Data Architecture: Three Bases and Naming Guide
This document is the canonical naming reference for the wiki's data architecture. It explains the three conceptual data layers ("Bases"), maps each PostgreSQL table to its Base, and clarifies common naming confusions.
The Three Bases
The wiki organizes data into three conceptual layers:
| Base | What it stores | Primary source of truth | Key access module |
|---|---|---|---|
| TableBase | Typed relational records — entities, resources, publications, experts, organizations | YAML files in data/entities/, data/resources/ | apps/web/src/data/tablebase.ts |
| FactBase | Structured triples with temporal data and provenance — facts about entities | YAML files in packages/factbase/data/things/ | apps/web/src/data/factbase.ts |
| WikiBase | Long-form prose MDX articles — the actual wiki pages readers see | MDX files in content/docs/ | Page interface in tablebase.ts |
Diagram (loading…)
flowchart TB
subgraph Sources["Source of Truth"]
YAML["data/entities/*.yaml
data/resources/*.yaml"]
FB_YAML["packages/factbase/data/things/*.yaml"]
MDX["content/docs/**/*.mdx"]
end
subgraph Build["Build Pipeline"]
BD["build-data.mjs"]
end
subgraph Artifacts["Build Artifacts"]
DB_JSON["database.json
(TableBase + WikiBase)"]
FB_JSON["factbase-data.json
(FactBase)"]
end
subgraph PG["PostgreSQL (wiki-server)"]
direction TB
TB_PG["TableBase tables
(entities, resources,
entity_ids, summaries)"]
FB_PG["FactBase mirror
(facts table)"]
WB_PG["WikiBase mirror
(wiki_pages)"]
UNI["Cross-Base index
(things table)"]
OPS["Operational tables
(sessions, jobs,
citation_quotes, etc.)"]
end
YAML --> BD
FB_YAML --> BD
MDX --> BD
BD --> DB_JSON
BD --> FB_JSON
BD --> TB_PG
BD --> FB_PG
BD --> WB_PG
BD --> UNIPG Tables Grouped by Base
TableBase tables (entity catalog)
These tables mirror the YAML entity/resource catalog.

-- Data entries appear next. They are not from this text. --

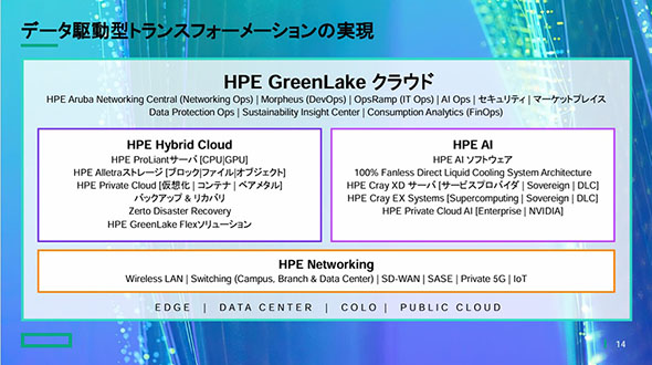 このGreenLakeの推進こそが、HPEにとっては従来のモノ売りからサービス提供へのビジネスモデル転換へのチャレンジになる。それについて解き明かす前に、HPEが今回発表した事業方針の中からGreenLakeに関する取り組みをピックアップする。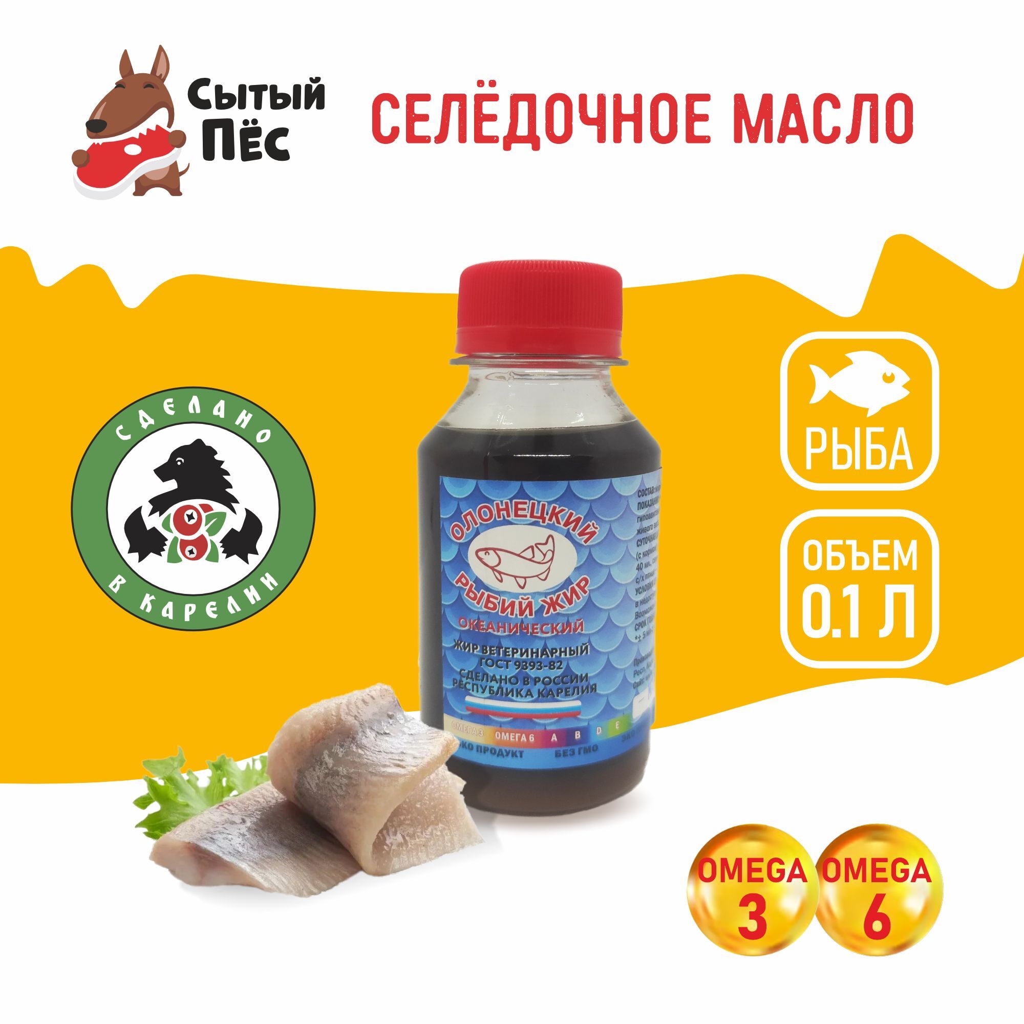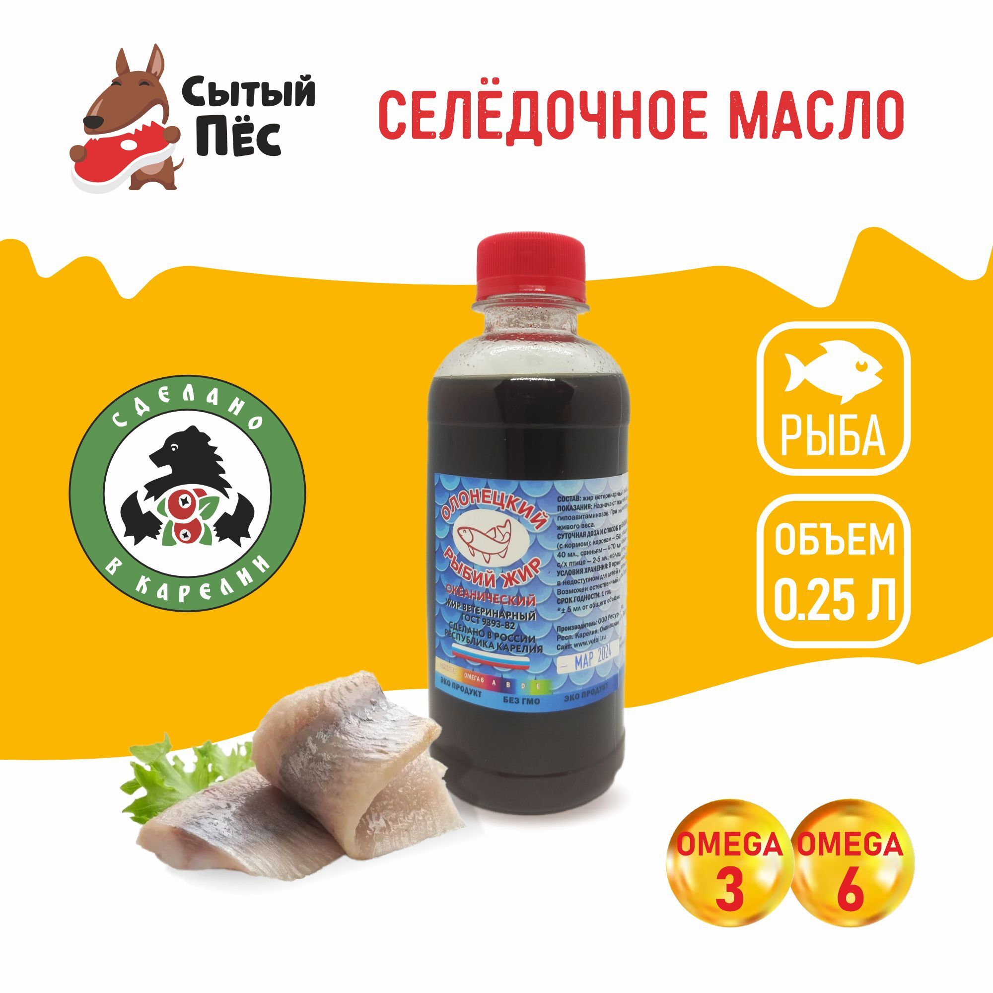 Сельдевый рыбий жир от бренда “Олонецкий рыбий жир” - это экологически чистый продукт, изготовленный с соблюдением всех норм по ГОСТ 9393-82, из рыбы сельдевых пород, прямиком из Карелии! Продукт не содержит искусственных ароматизаторов, консервантов и других вредных добавок.Сельдевый рыбий жир является незаменимой добавкой к основному корму для собак, кошек, птиц и парнокопытных животных. Рыбий жир является ценным источником омега-3 и омега-6 жирных кислот, богат витамина A, B, D, E.Омега-3 и Омега-6 жирные кислоты помогают поддерживать здоровую кожу и блестящую шерсть у животных, способствуют улучшению кровообращения и имеют противовоспалительные свойства, снижая риск воспалений и развития нежелательных новообразований. Жирные кислоты играют важную роль в развитии животных, особенно у молодых особей. Помогает поддержать здоровье глазных тканей, что особенно важно для особей, страдающих от проблем со зрением.Также рыбий жир укрепляет иммунную систему, улучшает пищеварение и способствует нормализации работы ЖКТ.Еще одно полезное свойство - улучшение мозговой функции у животных, что способствует повышению когнитивных функций.Из ветеринарной практики - рыбий жир очень полезен в профилактике и лечении гипоавитаминозов, рекомендуется при низком потреблении кормов и слабом приросте живого веса.Регулярное употребление селедочного рыбьего жира может способствовать общему улучшению здоровья животных, делая их более энергичными, активными и счастливыми.Самое главное, “Олонецкий рыбий жир” - это очень полезный и питательный продукт, который поможет Вашему любимцу оставаться здоровыми и активными на протяжении всей жизни!"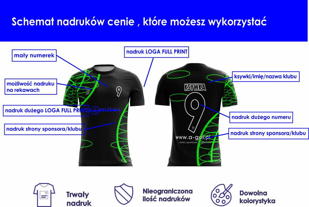 Koszulki piłkarskie SUBLIMOWANE marki A-GOL z twoim nadrukiem w cenie.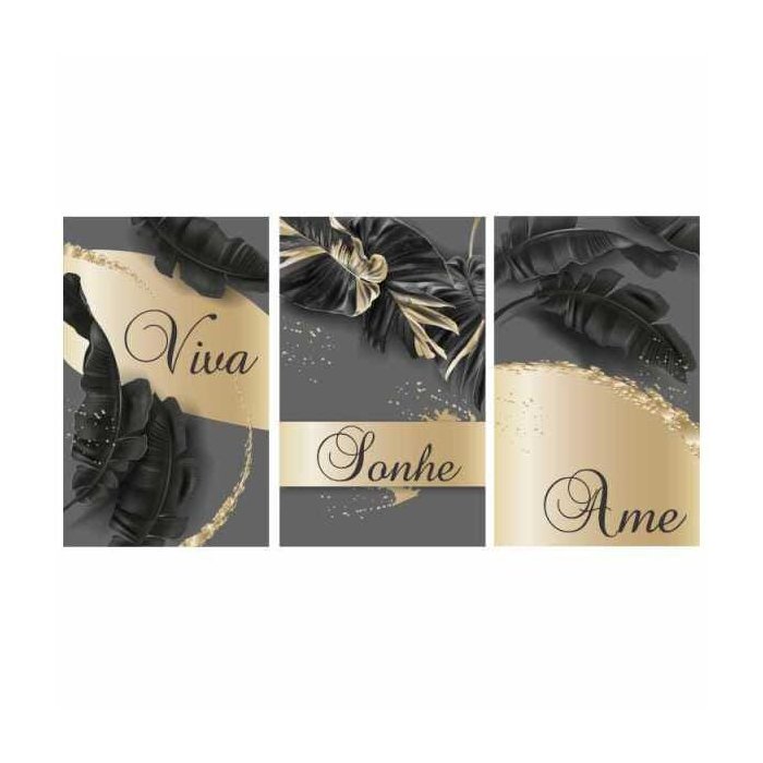 Quadro Viva Sonhe e Ame Cinza Preto e Dourado - Kit 3 telas - 150 x 100 cm - Preta

YAML files remain authoritative; these PG tables are queryable read mirrors for the API.
| PG table | Drizzle export | Purpose |
|---|---|---|
entities | entities | Read mirror of data/entities/*.yaml. One row per entity (org, person, risk, etc.). |
entity_ids | entityIds | Central ID registry. Maps numeric IDs (E42) to slugs. Sequence-allocated. |
resources | resources | Read mirror of data/resources/*.yaml. Papers, blog posts, reports. |
summaries | summaries | LLM-generated entity summaries. One per entity, keyed by entities.stable_id. |
page_links | pageLinks | Directional knowledge graph between entities/pages. |
resource_citations | resourceCitations | Many-to-many join: which resources are cited on which pages. |
FactBase tables (structured facts)
YAML files in packages/factbase/data/things/ are currently the primary source. They sync to PG via crux wiki-server sync-facts. The PG facts table provides an export endpoint (GET /api/facts/export) for consumers that need PG-backed access. Once the PG schema includes all Fact fields (validEnd, currency, etc.), PG will become the primary source.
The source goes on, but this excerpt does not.